Simple proof of concept application to illustrate the usage of 2 different workflow technologies in MassTransit with a saga state machine and Temporal in combination with a Double Entry Accounting and Treasury system.
A double entry accounting system is often used in bookkeeping and represents the movement of funds between accounts. These fund movements are represented as debits and credits in a journal entry, each of which is recorded in an append only ledger.
Double entry accounting system generally consists of
- Chart of accounts
- Journal entries to represent business transactions or the movement of funds to the accounts
- General append only Ledger showing each of the debits and credits
In and double entry accounting system, all movements of funds are represented as debits or credits to accounts in, one of the categories in the Chart of Accounts list below.
A chart of accounts (COA) includes all accounts categorised by either
- Assets (A)
- Expenses (E)
- Liabilities (L)
- Equity (C)
- Income (I)
In the poc, a default list of example accounts for each category were seeded, but more can be added.
A business transaction (a journal entry) includes at least 1 x source and 1 x destination account and an amount such that the following equation always balances:
Assets (A) + Expenses (E) = Liabilities (L) + Equity (C) + Income (I)
- Debits represents money flowing into an account
- Credits represents money flowing out of an account
The General ledger is an append only account of all debits and credits to the accounts that form part of all the journal entries. It provides a read only account of what happend during each leg of a journal entry and is often used to find irregularities or unexpected balances in the accounts.
For the purpose of this poc we will implement the following transaction workflow which are defined by the following states, events and commands:
The allowed transaction states are:
CreatedApprovedProcessedCompletedCancelledFailed
These states can be changed by these events/activities
TransactionCreatedTransactionSucceededTransactionApprovedTransactionProcessedTransactionLegConfirmedTransactionCancelledTransactionFailedTransactionRetriedTransactionStatusRequested
There are also these commands/signals that get fired from the statemachine
ApproveTransactionProcessTransactionDebitAccountCreditAccountConfirmTransactionConfirmTransactionLegCancelTransactionFailTransactionRetryTransactionUpdateTransactionStatus
MassTransit is an open-source distributed application framework for .NET that provides a consistent abstraction on top of the supported message transports. The interfaces provided by MassTransit reduce message-based application complexity and allow developers to focus their effort on adding business value.
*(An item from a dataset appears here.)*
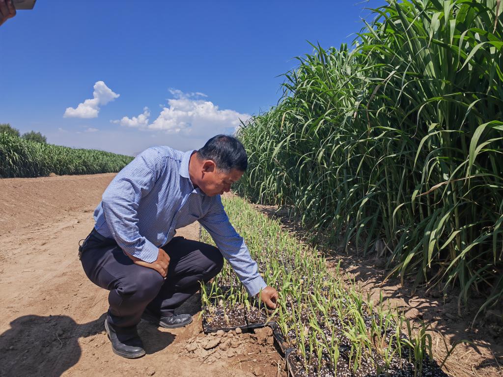 高級(jí)農(nóng)藝師周興德向記者介紹巨菌草幼苗(2023年9月1日攝)。新華社記者馬麗娟 攝

Sagas and State Machines is nothing more that a technology that keeps track of the state of a long running distributed task or transaction in providing reliable, durable, event-driven workflow orchestration
The poc uses an in-memory state machine, but can be extended to persist the states to a datastore.
To get started with MassTransit, add MassTransit.Azure.ServiceBus.Core package to your project.
$ dotnet add package MassTransit.Azure.ServiceBus.Core
Temporal delivers durable execution. It abstracts away the complexity of building scalable distributed systems and lets you keep focus on what matters - delivering reliable systems, faster. It allows you to avoid coding for infrastructure nuances and their inevitable failures.
One way of thinking about temporal is a remote task manager where jobs get sent to and where their status and execution results are stored.
Temporal is available in an self-hosted or cloud hosted solution. It is important to note that Temporal does not run your workflow or client workers, which you run and host yourself. Instead, it just seemlessly tracks the state of all stae, activity and events of your running workflow instances.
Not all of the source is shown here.